GDP-Based Recession Indicator Index

James D. Hamilton*

(Updated May 11, 2016)

The GDP-based recession indicator index rose a bit on the basis of the weak GDP reports for 2015:Q4 and 2016:Q1, and currently stands at 15.7 percent. Though economic growth has been weaker than in a typical expansion, the inference is that the U.S. economy is nevertheless still clearly in the expansion phase. A paper by Marcelle Chauvet and James Hamilton (from Nonlinear Time Series Analysis of Business Cycles, 2006, edited by Costas Milas, Philip Rothman, and Dick van Dijk) concluded that the U.S. could be said to have entered a recession when the index rises above 67 percent.

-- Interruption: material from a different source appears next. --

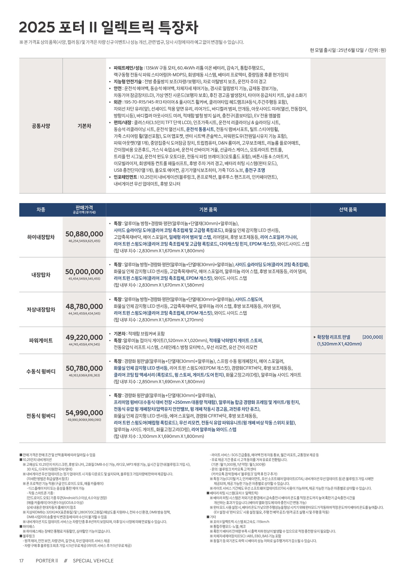 2025년 12월 포터 일렉트릭 특장차 신차가격표
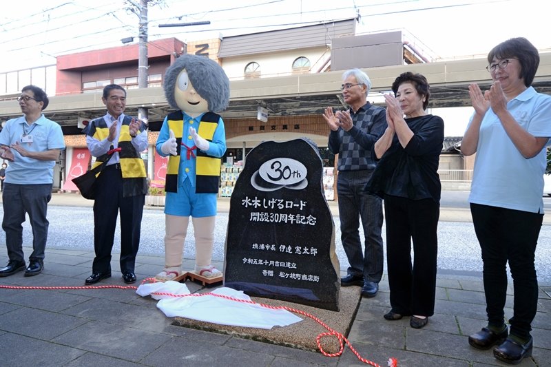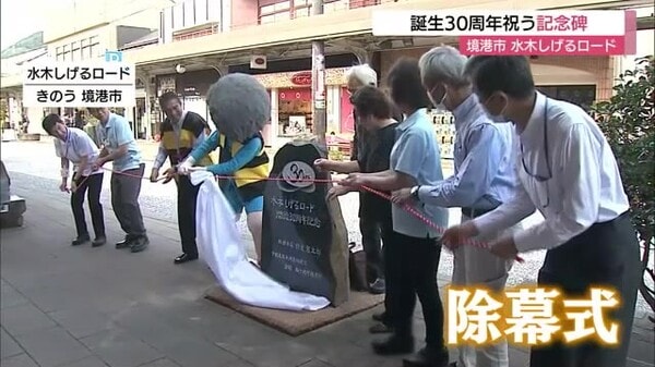 30年の感謝と水木しげるロードがこれからも50年、100年と続くよう願いを込め、「水木しげるロード開設30周年記念碑」の除幕式が行われまし た。

GDP-Based Recession Indicator Index

GDP-Based Recession Indicator Index - May 2016
The plotted value for each date is based solely on information as it would have been publicly available and reported as of one quarter after the indicated date, with 2015:Q4 the last date shown on the graph. Shaded regions represent dates of NBER recessions, which were not used in any way in constructing the index, and which were sometimes not reported until two years after the date.

The index is a pattern-recognition algorithm that assigns dates to when recessions begin and end based on the observed dynamics of U.S. real GDP growth. To make a reliable inference, it is necessary to wait one quarter for data to be revised and confirm the current trend. Thus with the 2016:Q1 advance GDP numbers released by the Bureau of Economic Analysis on April 28, 2016, a value of the recession indicator index describing economic conditions for the fourth quarter of 2015 can be calculated. To maximize usefulness as a real-time indicator, the index is not subsequently revised. The index ranges from 0 to 100, with a value above 50 indicating the data are more consistent with a recession than expansion.

Based on the recession indicator index, the Great Recession was determined to have begun in 2007:Q4 and ended in 2009:Q2. These start and end dates for the recession are the same as were announced separately by the Business Cycle Dating Committee of the National Bureau of Economic Research, though NBER did not issue its end-date declaration until September of 2010. The current reading of the index indicates that the expansion is still continuing.

For more details about the method, see Chauvet and Hamilton's paper or the less technical description by Hamilton. You can also download a spreadsheet containing historical values of the index.

*James Hamilton is a professor of economics at the University of California, San Diego.